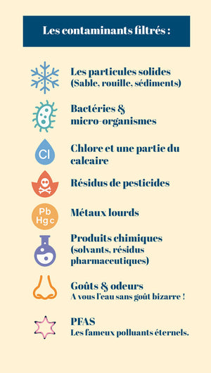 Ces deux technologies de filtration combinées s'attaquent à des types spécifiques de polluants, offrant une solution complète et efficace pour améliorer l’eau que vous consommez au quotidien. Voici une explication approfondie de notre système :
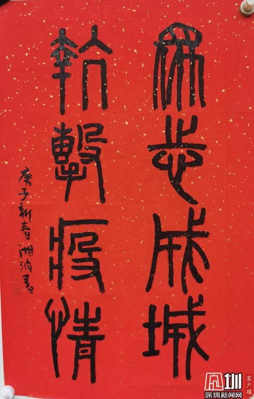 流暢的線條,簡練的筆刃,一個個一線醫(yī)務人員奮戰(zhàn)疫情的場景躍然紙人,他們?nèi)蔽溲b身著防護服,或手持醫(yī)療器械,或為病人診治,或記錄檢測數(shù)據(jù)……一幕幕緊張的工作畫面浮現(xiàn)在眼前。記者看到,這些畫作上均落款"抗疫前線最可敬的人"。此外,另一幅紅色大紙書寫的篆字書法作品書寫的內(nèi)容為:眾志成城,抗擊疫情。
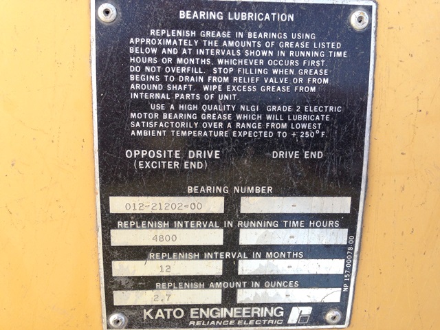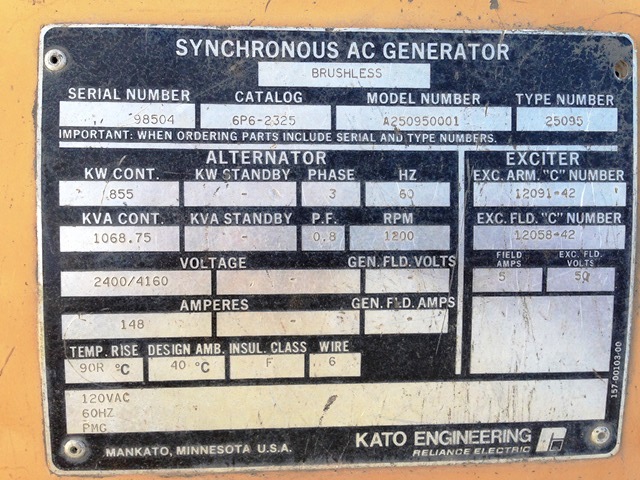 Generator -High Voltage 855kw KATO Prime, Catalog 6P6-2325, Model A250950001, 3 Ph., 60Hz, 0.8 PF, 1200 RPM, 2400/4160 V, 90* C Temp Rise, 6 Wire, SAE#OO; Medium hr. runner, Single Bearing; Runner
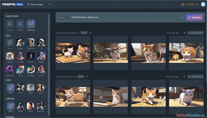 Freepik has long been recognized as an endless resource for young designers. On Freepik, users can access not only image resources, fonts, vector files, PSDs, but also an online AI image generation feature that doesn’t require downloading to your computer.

---

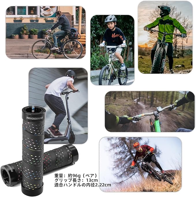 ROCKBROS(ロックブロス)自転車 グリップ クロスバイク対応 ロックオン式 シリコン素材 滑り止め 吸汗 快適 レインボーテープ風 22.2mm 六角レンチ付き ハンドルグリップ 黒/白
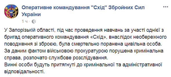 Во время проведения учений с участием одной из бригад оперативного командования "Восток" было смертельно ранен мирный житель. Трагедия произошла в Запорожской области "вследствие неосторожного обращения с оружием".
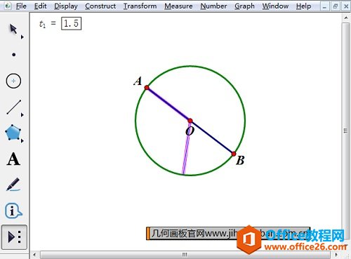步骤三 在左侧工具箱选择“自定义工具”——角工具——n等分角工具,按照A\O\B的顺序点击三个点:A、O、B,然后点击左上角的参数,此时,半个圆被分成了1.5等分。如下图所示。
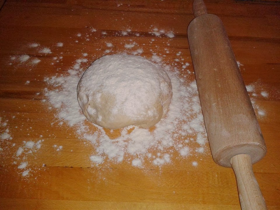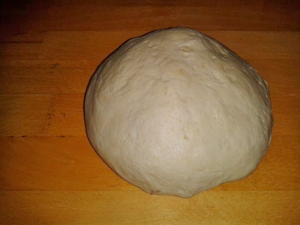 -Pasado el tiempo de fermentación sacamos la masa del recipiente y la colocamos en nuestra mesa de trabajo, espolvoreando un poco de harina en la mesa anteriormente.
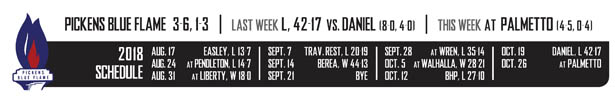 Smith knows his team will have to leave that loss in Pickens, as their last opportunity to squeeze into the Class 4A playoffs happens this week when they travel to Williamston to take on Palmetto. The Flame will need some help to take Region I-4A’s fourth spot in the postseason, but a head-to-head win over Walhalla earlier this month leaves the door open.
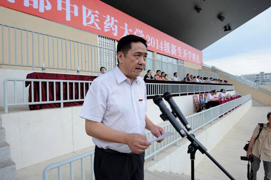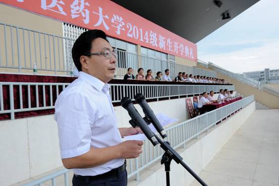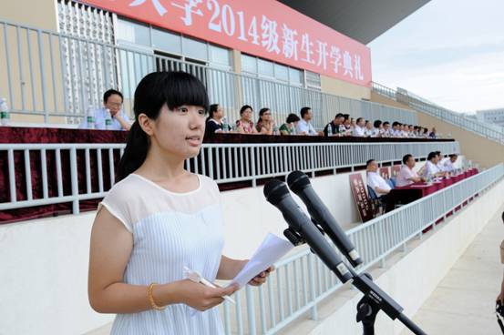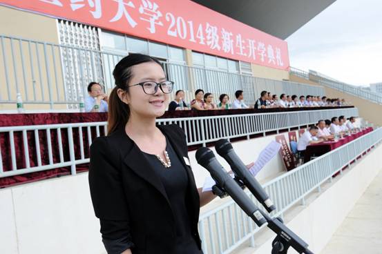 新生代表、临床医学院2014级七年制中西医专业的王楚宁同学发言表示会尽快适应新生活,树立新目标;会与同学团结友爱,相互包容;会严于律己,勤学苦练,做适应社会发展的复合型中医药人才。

* * *

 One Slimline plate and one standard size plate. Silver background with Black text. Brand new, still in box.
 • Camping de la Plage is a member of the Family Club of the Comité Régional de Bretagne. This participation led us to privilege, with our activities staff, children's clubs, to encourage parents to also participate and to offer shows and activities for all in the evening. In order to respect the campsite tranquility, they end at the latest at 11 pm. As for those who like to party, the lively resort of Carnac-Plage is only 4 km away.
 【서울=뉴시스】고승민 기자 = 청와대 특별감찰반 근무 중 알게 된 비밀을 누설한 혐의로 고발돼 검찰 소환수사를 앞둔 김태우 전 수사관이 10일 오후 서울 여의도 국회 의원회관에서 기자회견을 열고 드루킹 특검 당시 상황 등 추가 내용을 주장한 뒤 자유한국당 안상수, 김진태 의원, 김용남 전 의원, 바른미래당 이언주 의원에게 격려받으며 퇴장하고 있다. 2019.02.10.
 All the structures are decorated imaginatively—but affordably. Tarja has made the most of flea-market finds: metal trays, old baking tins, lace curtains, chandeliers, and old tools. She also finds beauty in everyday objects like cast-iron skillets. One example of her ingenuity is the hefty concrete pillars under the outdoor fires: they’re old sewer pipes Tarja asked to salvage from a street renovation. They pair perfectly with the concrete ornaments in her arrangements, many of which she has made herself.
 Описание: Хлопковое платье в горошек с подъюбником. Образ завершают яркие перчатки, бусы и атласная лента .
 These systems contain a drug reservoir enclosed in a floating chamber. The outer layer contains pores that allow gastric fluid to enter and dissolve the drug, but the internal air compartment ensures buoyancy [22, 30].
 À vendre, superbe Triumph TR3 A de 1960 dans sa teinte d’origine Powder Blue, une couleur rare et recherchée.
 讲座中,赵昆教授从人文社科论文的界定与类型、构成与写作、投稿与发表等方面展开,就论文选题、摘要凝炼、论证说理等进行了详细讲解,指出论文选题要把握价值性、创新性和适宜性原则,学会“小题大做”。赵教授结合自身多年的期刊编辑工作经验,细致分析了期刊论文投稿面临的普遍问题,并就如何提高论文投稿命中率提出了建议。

## WHAT THIS TASK INVOLVES
Everything from the line with "ROCKBROS(ロックブロス)自転車 グリップ クロスバイク対応" through the line with "新生代表、临床医学院2014" in the material above should be transcribed exactly, except the pictures.

## SOLVED PROBLEM
 ROCKBROS(ロックブロス)自転車 グリップ クロスバイク対応 ロックオン式 シリコン素材 滑り止め 吸汗 快適 レインボーテープ風 22.2mm 六角レンチ付き ハンドルグリップ 黒/白
 Во время проведения учений с участием одной из бригад оперативного командования "Восток" было смертельно ранен мирный житель. Трагедия произошла в Запорожской области "вследствие неосторожного обращения с оружием".
步骤三 在左侧工具箱选择“自定义工具”——角工具——n等分角工具,按照A\O\B的顺序点击三个点:A、O、B,然后点击左上角的参数,此时,半个圆被分成了1.5等分。如下图所示。
 -Pasado el tiempo de fermentación sacamos la masa del recipiente y la colocamos en nuestra mesa de trabajo, espolvoreando un poco de harina en la mesa anteriormente.
 Smith knows his team will have to leave that loss in Pickens, as their last opportunity to squeeze into the Class 4A playoffs happens this week when they travel to Williamston to take on Palmetto. The Flame will need some help to take Region I-4A’s fourth spot in the postseason, but a head-to-head win over Walhalla earlier this month leaves the door open.
 新生代表、临床医学院2014级七年制中西医专业的王楚宁同学发言表示会尽快适应新生活,树立新目标;会与同学团结友爱,相互包容;会严于律己,勤学苦练,做适应社会发展的复合型中医药人才。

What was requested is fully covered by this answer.